> [TASK PROMPT] Keep the pictures out. Write out every line of the listing exactly.

::: DATA SECTION

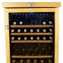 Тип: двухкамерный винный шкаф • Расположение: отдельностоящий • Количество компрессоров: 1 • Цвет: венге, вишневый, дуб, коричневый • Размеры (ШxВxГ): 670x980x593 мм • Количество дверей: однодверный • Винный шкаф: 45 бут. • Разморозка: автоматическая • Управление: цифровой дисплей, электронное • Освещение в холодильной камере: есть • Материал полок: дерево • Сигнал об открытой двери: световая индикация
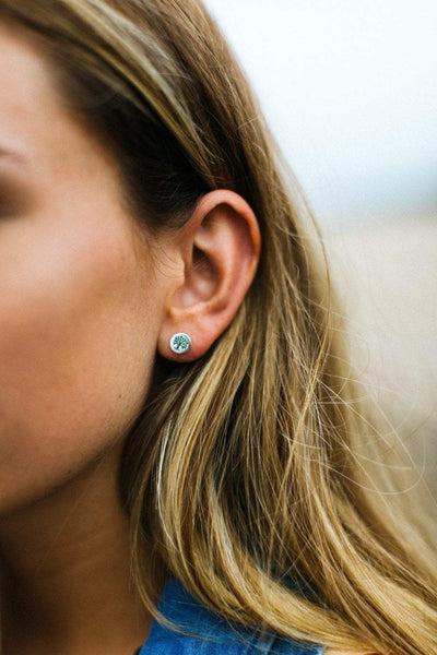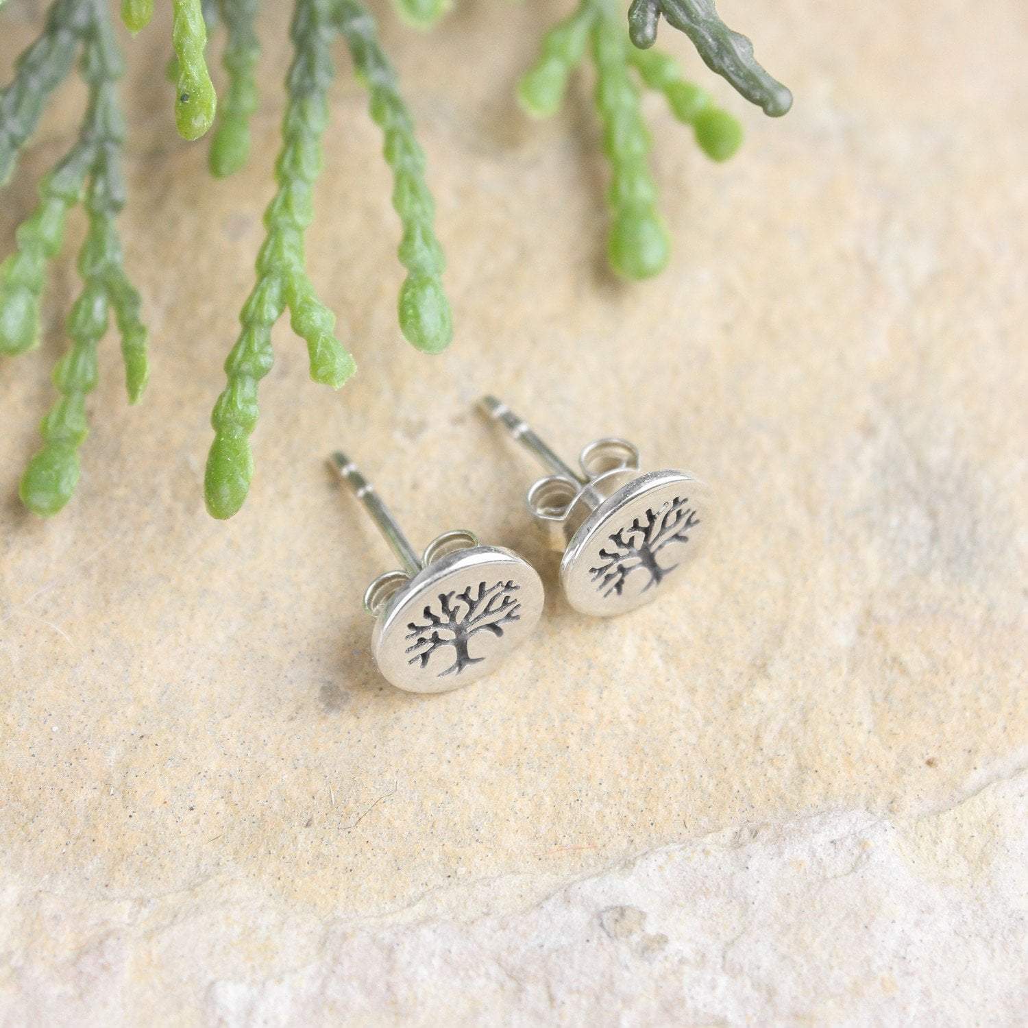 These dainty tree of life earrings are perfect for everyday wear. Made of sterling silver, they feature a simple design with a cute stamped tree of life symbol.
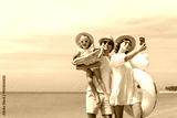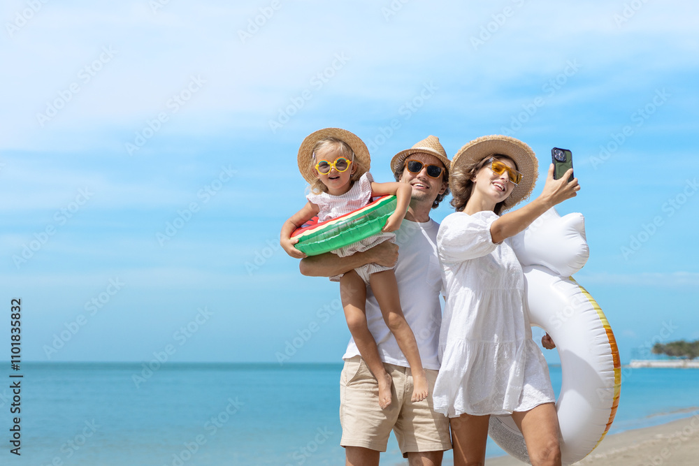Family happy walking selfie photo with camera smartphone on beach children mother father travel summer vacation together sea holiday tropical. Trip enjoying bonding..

::::::

> [EXERCISE RESPONSE]
 Тип: двухкамерный винный шкаф • Расположение: отдельностоящий • Количество компрессоров: 1 • Цвет: венге, вишневый, дуб, коричневый • Размеры (ШxВxГ): 670x980x593 мм • Количество дверей: однодверный • Винный шкаф: 45 бут. • Разморозка: автоматическая • Управление: цифровой дисплей, электронное • Освещение в холодильной камере: есть • Материал полок: дерево • Сигнал об открытой двери: световая индикация
 These dainty tree of life earrings are perfect for everyday wear. Made of sterling silver, they feature a simple design with a cute stamped tree of life symbol.
Family happy walking selfie photo with camera smartphone on beach children mother father travel summer vacation together sea holiday tropical. Trip enjoying bonding..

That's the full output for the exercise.